Some attention should be taken in considering the possibility that some research activities may not fall under the experimental use exemption. In non-corporate environments, it is becoming increasingly important to produce results that can lead not only to scientific publications, but also to patent applications, and thus eventually to a commercial exploitation. As has often been pointed out, licenses and royalties on products are becoming more and more important resources to finance research institutions (Mulligan and Steele, 2000). On the other hand, non-corporate research has an important role. The massive investments in the life sciences made by governments are still a driving force in generating the knowledge base for the biotech industry (Kroll et al., 1998). Therefore, suing public research institutions could be an indelicate move, damaging to the image of a company and to its relationship with the scientific community. Thus, the applicability of the experimental use exemption can become a matter of interpretation and, eventually, negotiation.
An interesting situation is represented by the use of DNA microarrays as research tools.
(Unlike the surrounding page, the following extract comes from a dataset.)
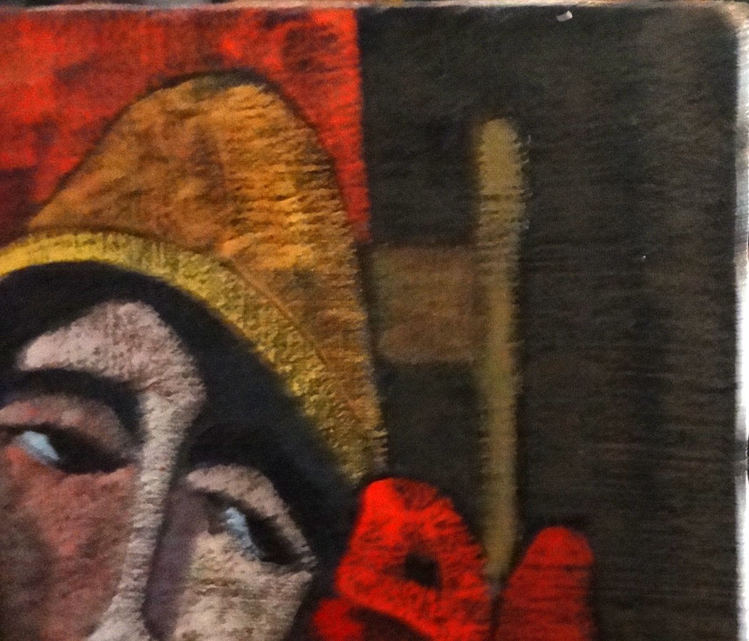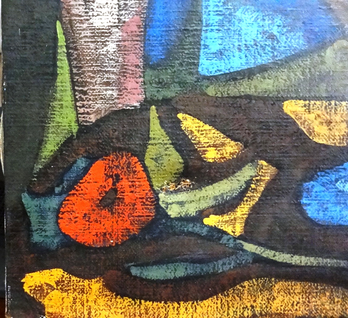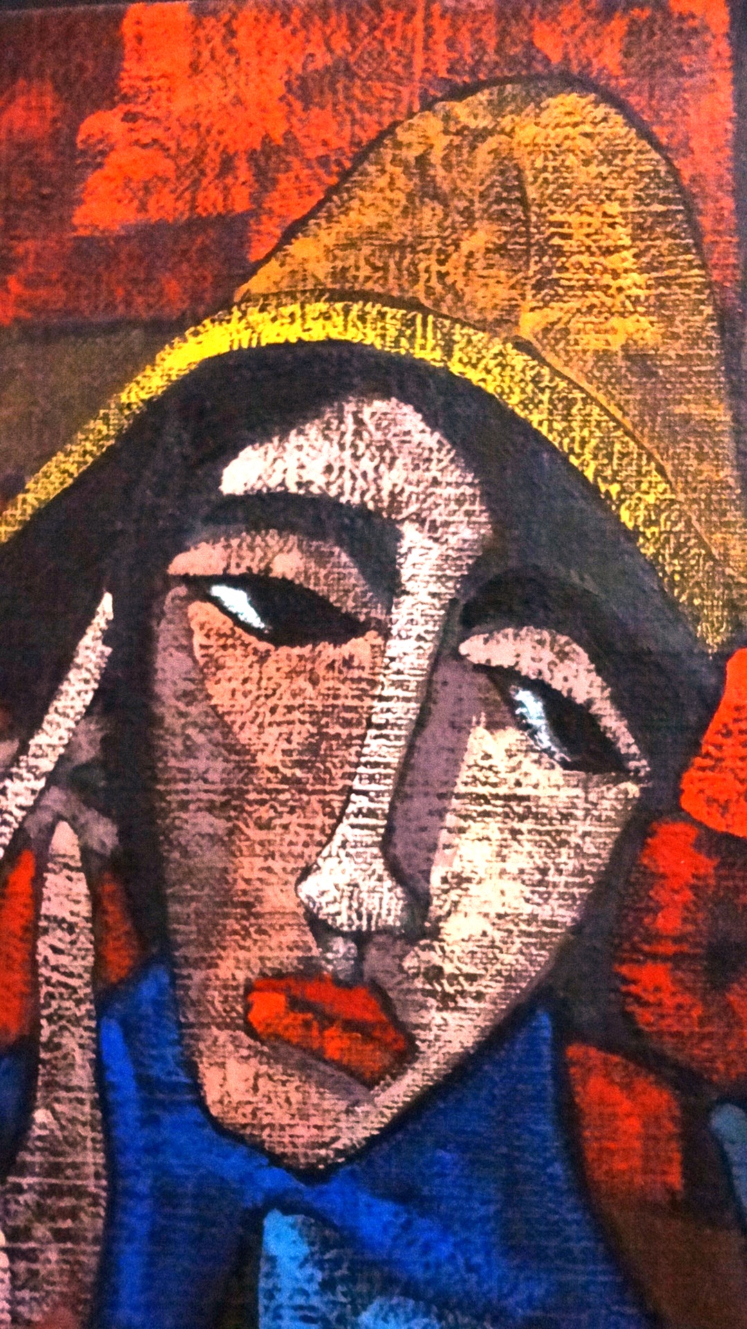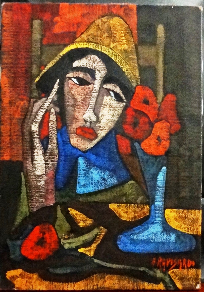 Excelente pintura expresionista en oleo sobre cartón, representando una cara y con una dimensión de 14 x 20 pulgadas. Firmada en rojo en la parte superior izquierda. Sin marco.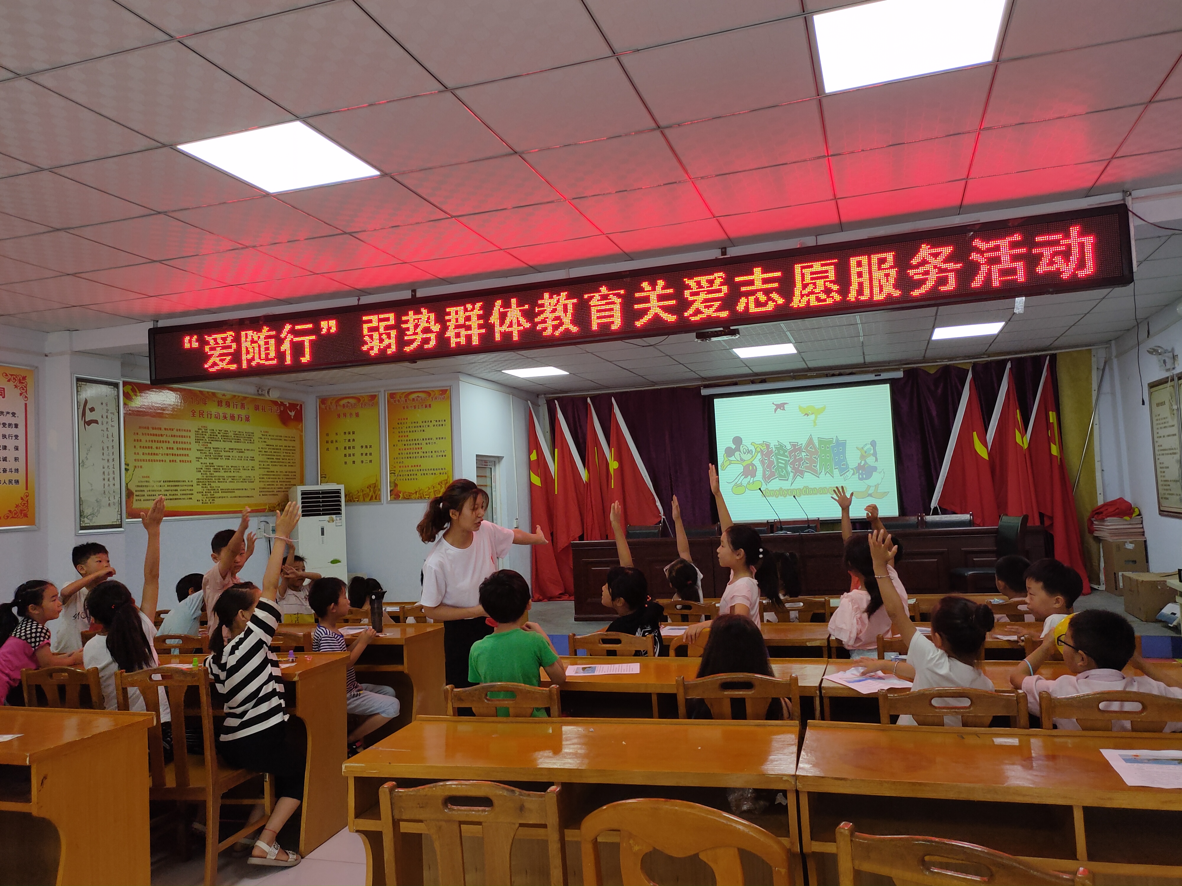 活跃现场气氛,精心组织课堂。为了更好的开展活动,队员们进行了充分的前期准备工作。为了活跃气氛,队员们和孩子们一起做了热身健美操,孩子们也很快和队员们熟悉起来,几个孩子勇敢地上台并不时的喊着“哥哥姐姐,看我看我”。互动结束后队员们给这些可爱的孩子发放了精心准备的礼物。

The companies that assemble and sell such products are actually facing a large problem as they may be obliged to obtain multiple licenses when using DNA sequences covered by patents. As these chips are on the market for basic research as well as for commercial purposes such as drug development, it is clear that experimental use exemption does not always apply. Therefore, the company owning the granted patent on a useful DNA sequence should get a share of the profits made by selling the chips. Such a situation can lead to potentially enormous negotiation problems, with hundreds of licenses necessary for a single type of array. Lacking a widely accepted policy on these issues, most DNA chip manufacturers immobilize only DNA sequences that are in the public domain. Evidently, this represents a limitation of the DNA chips' potential, and can hamper research efforts. This example shows clearly that uncertainties and the fragmentation of patent rights can deter research programs that are necessary to confer a real value to this knowledge.
Another interesting case is represented by the trend in patenting activities related to single nucleotide polymorphisms (SNPs). While many patents disclose alternative methods to identify SNPs, some others disclose hundreds of SNP-related probes with very limited evidence of their utility, and therefore their patentability can be questioned. Only a minority of patent applications characterize SNPs that are clearly related to a disease or a gene function.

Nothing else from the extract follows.